ECLI:NL:RVS:2021:2784
Raad van State
- Voorlopige voorziening
- A.C.J. de Moor-van Vugt
- Rechtspraak.nl
Afwijzing verzoek om voorlopige voorziening in asielzaak
Op 13 december 2021 heeft de voorzieningenrechter van de Afdeling bestuursrechtspraak van de Raad van State uitspraak gedaan in een zaak betreffende een verzoek om een voorlopige voorziening. De vreemdeling had op 10 september 2021 een aanvraag ingediend voor een verblijfsvergunning asiel voor bepaalde tijd, welke door de staatssecretaris van Justitie en Veiligheid niet in behandeling werd genomen. De vreemdeling heeft hiertegen beroep aangetekend bij de rechtbank Den Haag, die op 9 november 2021 het beroep ongegrond verklaarde. Hierop heeft de vreemdeling hoger beroep ingesteld en verzocht om een voorlopige voorziening, zodat zij niet zou worden overgedragen voordat op het hoger beroep was beslist en om opvang en verstrekkingen te ontvangen.

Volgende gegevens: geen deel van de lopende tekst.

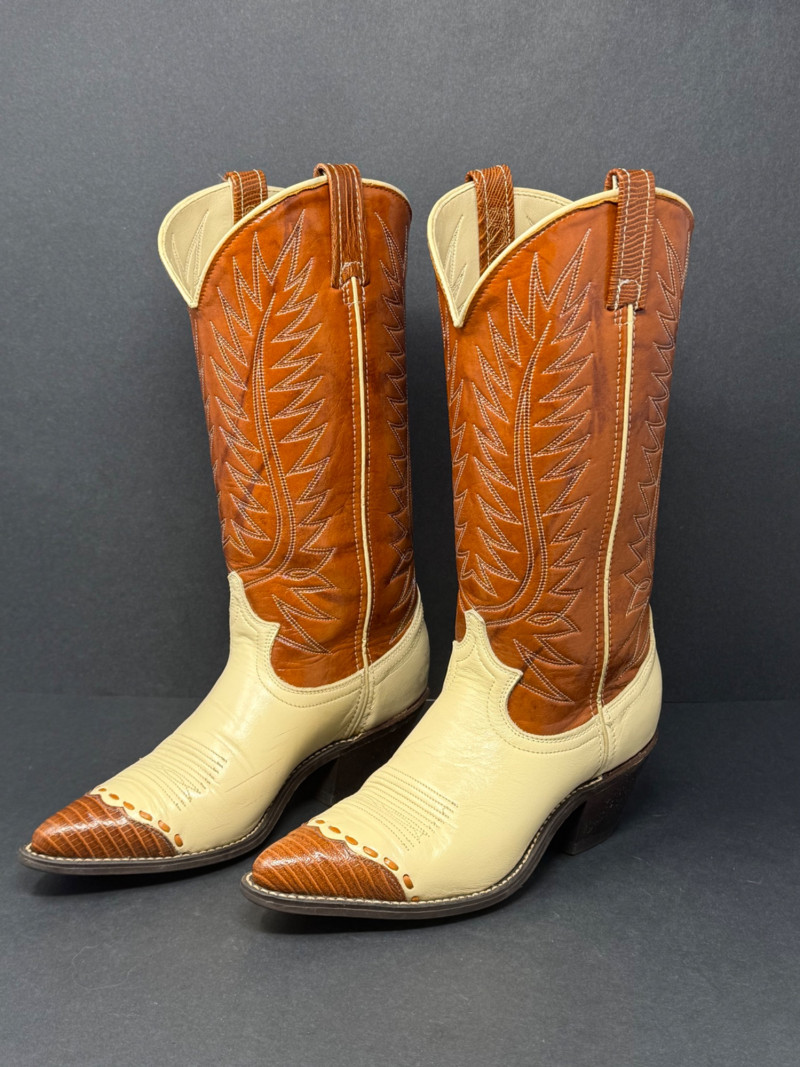 Authentic 1980s Acme cowboy boots in a standout cream and cognac leather combo. The boots feature classic Western stitching, pointed toes, and sturdy heels – perfect for adding vintage flair to your everyday look or collection. Brand: Acme Era: 1980s Material: Genuine leather Color: Cream & cognac Toe: Pointed Heel Height: Approx. 1.75"–2" Shaft Height: Approx. 12" Size: 8W Condition: Excellent vintage condition - original box Whether you're two-stepping or styling a statement outfit, these Acme boots are the real deal.Vintage Acme Two-Tone Western Cowboy Boots – Cream & Cognac Leather (1980s)

De voorzieningenrechter heeft de argumenten van de vreemdeling en de staatssecretaris afgewogen. In zijn voorlopige oordeel kwam de voorzieningenrechter tot de conclusie dat het niet aannemelijk was dat de uitspraak van de rechtbank zou worden vernietigd. Gezien de belangen van beide partijen heeft de voorzieningenrechter besloten om geen voorlopige voorziening te treffen. Het verzoek van de vreemdeling werd afgewezen, en de staatssecretaris werd niet verplicht om proceskosten te vergoeden. De uitspraak werd gedaan in het openbaar en is vastgesteld door de voorzieningenrechter, mr. A.C.J. de Moor-van Vugt, in tegenwoordigheid van de griffier, mr. D.I. Schipper.